ROBERT ELLIS MILLER
Bil’s rating (out of 5): BBB.5.
USA, 1968. Warner Brothers/Seven Arts. Screenplay by Thomas C. Ryan, based on the novel by Carson McCullers. Cinematography by James Wong Howe. Produced by Marc Merson, Thomas C. Ryan. Music by Dave Grusin. Production Design by LeRoy Deane. Costume Design by Albert Wolsky. Film Editing by John F. Burnett. Academy Awards 1968. Golden Globe Awards 1968. New York Film Critics Awards 1968.

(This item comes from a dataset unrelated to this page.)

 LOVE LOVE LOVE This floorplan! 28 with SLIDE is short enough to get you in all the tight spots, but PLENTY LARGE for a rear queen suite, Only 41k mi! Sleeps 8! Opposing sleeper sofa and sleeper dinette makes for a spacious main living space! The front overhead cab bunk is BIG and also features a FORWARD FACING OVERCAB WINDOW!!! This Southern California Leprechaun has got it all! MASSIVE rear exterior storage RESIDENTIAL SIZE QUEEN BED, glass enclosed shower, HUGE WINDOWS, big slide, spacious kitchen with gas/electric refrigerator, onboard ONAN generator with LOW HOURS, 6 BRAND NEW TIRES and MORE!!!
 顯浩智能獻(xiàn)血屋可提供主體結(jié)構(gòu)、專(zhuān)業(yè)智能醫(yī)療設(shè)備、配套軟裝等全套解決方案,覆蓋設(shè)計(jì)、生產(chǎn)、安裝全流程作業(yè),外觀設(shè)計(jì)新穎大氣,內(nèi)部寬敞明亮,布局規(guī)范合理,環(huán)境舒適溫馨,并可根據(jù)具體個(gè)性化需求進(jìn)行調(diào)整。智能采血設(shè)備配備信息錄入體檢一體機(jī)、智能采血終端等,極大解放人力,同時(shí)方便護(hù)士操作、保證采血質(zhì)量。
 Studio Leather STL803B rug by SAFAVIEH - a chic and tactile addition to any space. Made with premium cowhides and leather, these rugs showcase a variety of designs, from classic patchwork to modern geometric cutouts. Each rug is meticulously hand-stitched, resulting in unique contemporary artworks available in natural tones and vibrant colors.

Moving film adaptation of the novel by Carson McCullers. A deaf-mute man (Alan Arkin) leaves town to follow his only friend (Chuck McCann) who has been placed in an asylum. In his new location he rents a room in the house of an impoverished family whose father is unable to work since an accident put him in a wheelchair. The daughter of the house (a superb Sondra Locke) is a burgeoning teenager who is about to experience the difficulties of adolescence, while Arkin makes the friendship of a racist doctor (Percy Rodrigues) whose daughter (Cicely Tyson) has her own troubles when a bunch of white teenagers attack her boyfriend. It feels more like a novel than a movie, with its small-arcs and character details, but the direction and performances are excellent and it is never for a moment boring. Arkin is delicately sympathetic, his hushed mannerisms and quiet emotionality perfectly opposed to Locke’s brash, fiery rages.